What the task requires -
Reproduce word for word every line from the one containing "颐和园里,彭丽媛与出席201" through the end of the listing below; omit the pictures.

Data shown -
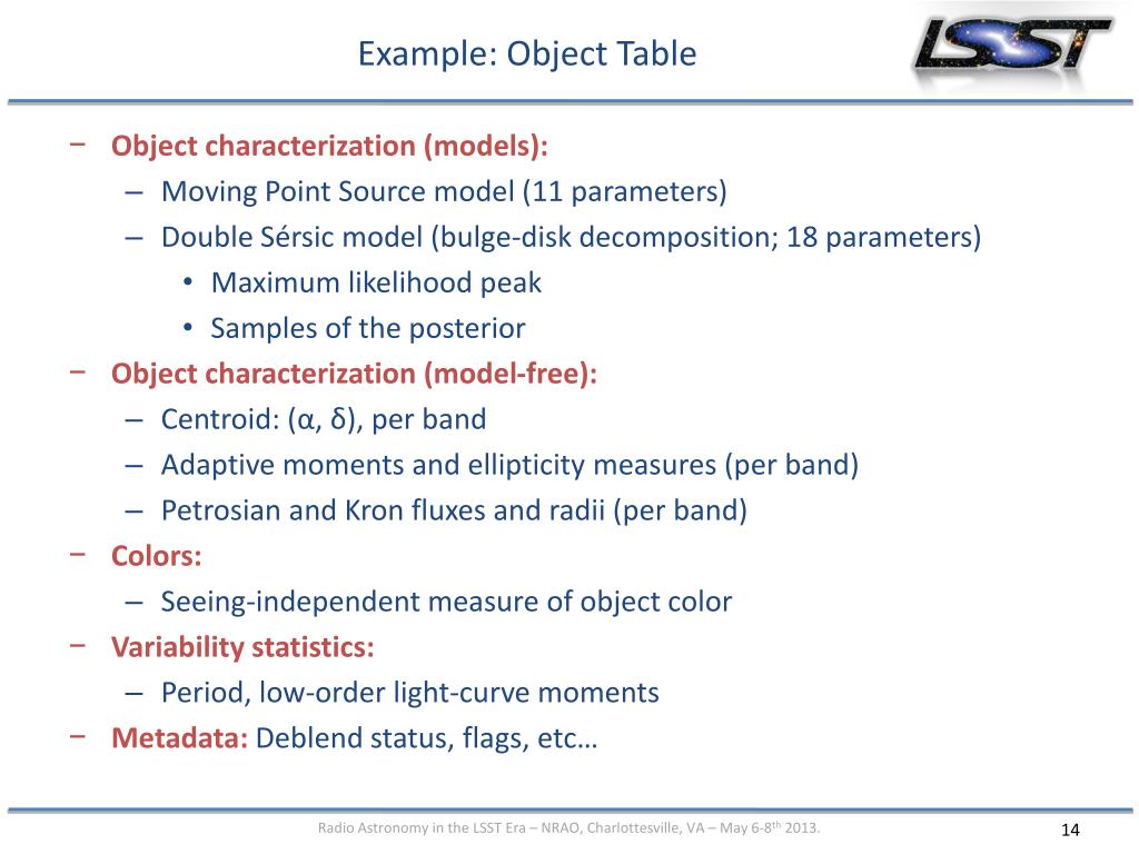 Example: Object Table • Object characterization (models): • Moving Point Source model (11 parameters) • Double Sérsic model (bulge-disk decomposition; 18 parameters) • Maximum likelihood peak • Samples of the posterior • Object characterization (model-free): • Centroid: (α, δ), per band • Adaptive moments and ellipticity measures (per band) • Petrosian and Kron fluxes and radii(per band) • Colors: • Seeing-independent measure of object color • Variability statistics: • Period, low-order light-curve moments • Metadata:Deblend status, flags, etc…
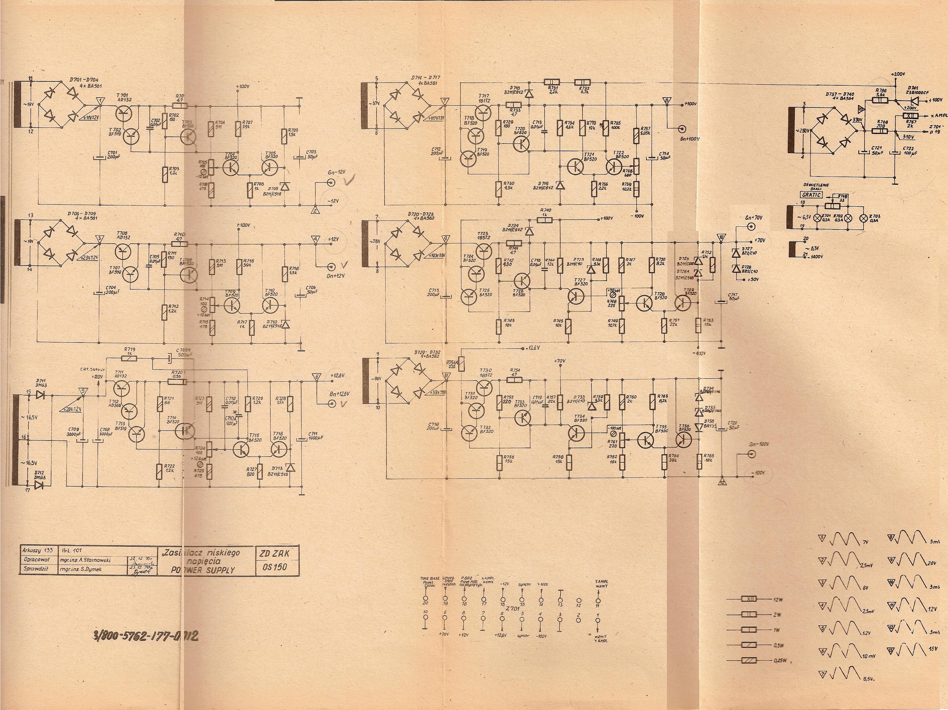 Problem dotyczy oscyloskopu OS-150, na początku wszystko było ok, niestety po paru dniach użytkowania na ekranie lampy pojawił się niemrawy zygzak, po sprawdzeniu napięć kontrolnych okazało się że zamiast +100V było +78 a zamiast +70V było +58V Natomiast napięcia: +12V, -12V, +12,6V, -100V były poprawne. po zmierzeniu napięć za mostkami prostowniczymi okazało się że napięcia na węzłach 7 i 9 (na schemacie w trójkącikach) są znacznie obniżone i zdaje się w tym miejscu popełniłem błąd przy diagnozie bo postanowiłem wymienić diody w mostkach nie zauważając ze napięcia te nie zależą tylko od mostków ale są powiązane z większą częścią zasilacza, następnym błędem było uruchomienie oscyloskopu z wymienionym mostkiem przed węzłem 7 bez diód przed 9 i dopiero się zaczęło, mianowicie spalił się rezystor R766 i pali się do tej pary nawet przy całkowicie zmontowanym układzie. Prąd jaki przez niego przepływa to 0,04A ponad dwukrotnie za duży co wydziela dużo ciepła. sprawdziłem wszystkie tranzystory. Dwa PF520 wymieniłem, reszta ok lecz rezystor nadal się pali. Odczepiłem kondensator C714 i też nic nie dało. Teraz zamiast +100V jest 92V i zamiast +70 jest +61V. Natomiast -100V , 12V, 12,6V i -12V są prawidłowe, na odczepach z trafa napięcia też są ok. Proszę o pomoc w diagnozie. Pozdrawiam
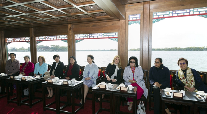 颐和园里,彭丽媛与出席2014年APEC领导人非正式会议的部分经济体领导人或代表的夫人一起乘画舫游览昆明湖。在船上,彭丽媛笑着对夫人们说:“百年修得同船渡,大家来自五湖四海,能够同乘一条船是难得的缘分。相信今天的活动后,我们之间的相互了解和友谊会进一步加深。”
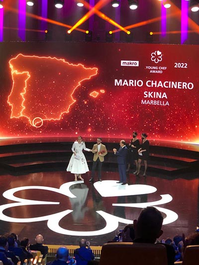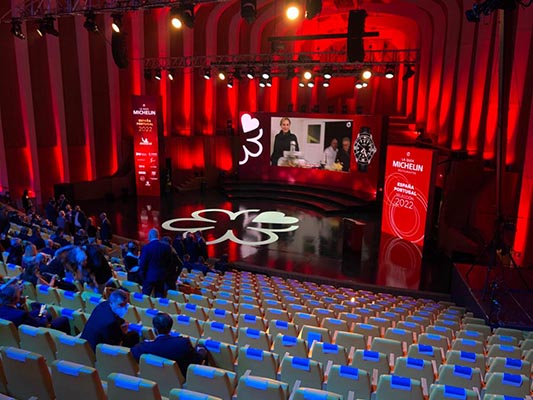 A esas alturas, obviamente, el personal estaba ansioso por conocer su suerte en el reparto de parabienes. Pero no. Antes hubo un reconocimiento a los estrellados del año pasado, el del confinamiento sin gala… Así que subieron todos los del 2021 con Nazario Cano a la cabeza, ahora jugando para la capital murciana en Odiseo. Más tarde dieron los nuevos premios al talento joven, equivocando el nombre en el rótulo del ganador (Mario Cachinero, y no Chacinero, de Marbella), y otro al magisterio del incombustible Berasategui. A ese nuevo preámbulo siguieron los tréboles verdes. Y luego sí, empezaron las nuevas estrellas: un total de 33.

Your response -
 颐和园里,彭丽媛与出席2014年APEC领导人非正式会议的部分经济体领导人或代表的夫人一起乘画舫游览昆明湖。在船上,彭丽媛笑着对夫人们说:“百年修得同船渡,大家来自五湖四海,能够同乘一条船是难得的缘分。相信今天的活动后,我们之间的相互了解和友谊会进一步加深。”
 A esas alturas, obviamente, el personal estaba ansioso por conocer su suerte en el reparto de parabienes. Pero no. Antes hubo un reconocimiento a los estrellados del año pasado, el del confinamiento sin gala… Así que subieron todos los del 2021 con Nazario Cano a la cabeza, ahora jugando para la capital murciana en Odiseo. Más tarde dieron los nuevos premios al talento joven, equivocando el nombre en el rótulo del ganador (Mario Cachinero, y no Chacinero, de Marbella), y otro al magisterio del incombustible Berasategui. A ese nuevo preámbulo siguieron los tréboles verdes. Y luego sí, empezaron las nuevas estrellas: un total de 33.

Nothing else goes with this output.